The role of the Gestapo emerged when Naujocks was ordered to Oppelin, a small Silesian town forty miles north of Gleiwitz. There, Heinrich Muller (Heydrich's SS representative) and SS-Oberführer Herbert Mehlhorn explained that the Gestapo had been ordered by Heydrich to provide a commodity referred to as “Konserven” (Canned Goods). The commodity in question turned out to be a dozen prisoners who were under sentences of death in concentration camps but had been identified by Muller as expendable in the interests of the Third Reich.

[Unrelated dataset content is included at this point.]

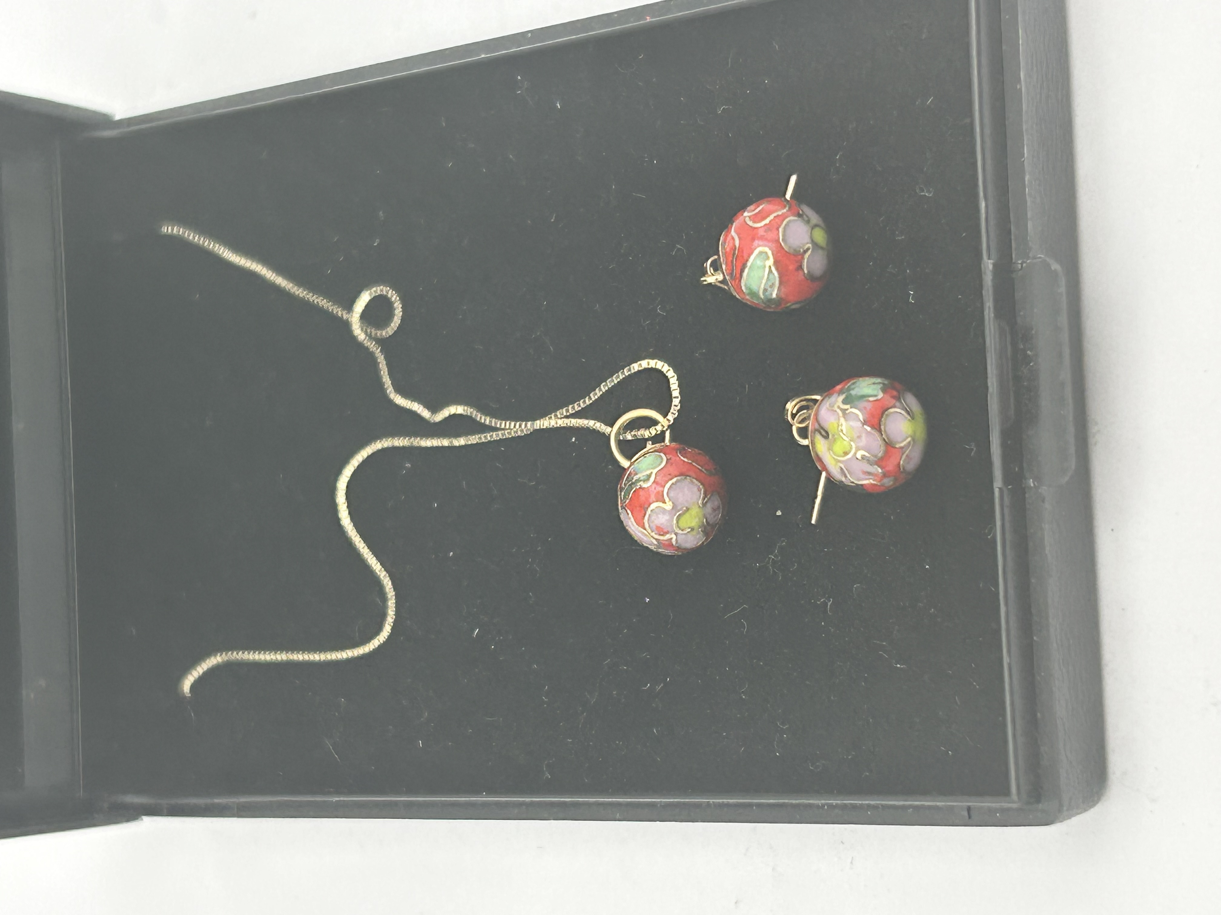 A trio of jewellery items consisting of a pendant necklace and a matching pair of earrings. The suite features spherical Venetian lampwork glass beads, identified as the wedding cake pattern, characterised by a vibrant red ground decorated with applied floral motifs in pink, green, and white. The metal components, including the fine box-link chain and earring mounts, are 9ct gold. The items are housed in a black-lined presentation case.

At Nuremberg, Naujocks testified:

“Muller declared that he had 12 or 13 condemned criminals who would be dressed in Polish uniforms and left for dead on the spot to show that they had been killed in the course of the attack. To this end they had to be given fatal injections by a doctor in Heydrich's service. Later they would also be given genuine wounds inflicted by firearms. After the incident members of the foreign press and other persons were to be taken to the spot. A police report would then be made. Muller told me that he had an order from Heydrich telling him to put one of these criminals at my disposal for the Gleiwitz action[21].”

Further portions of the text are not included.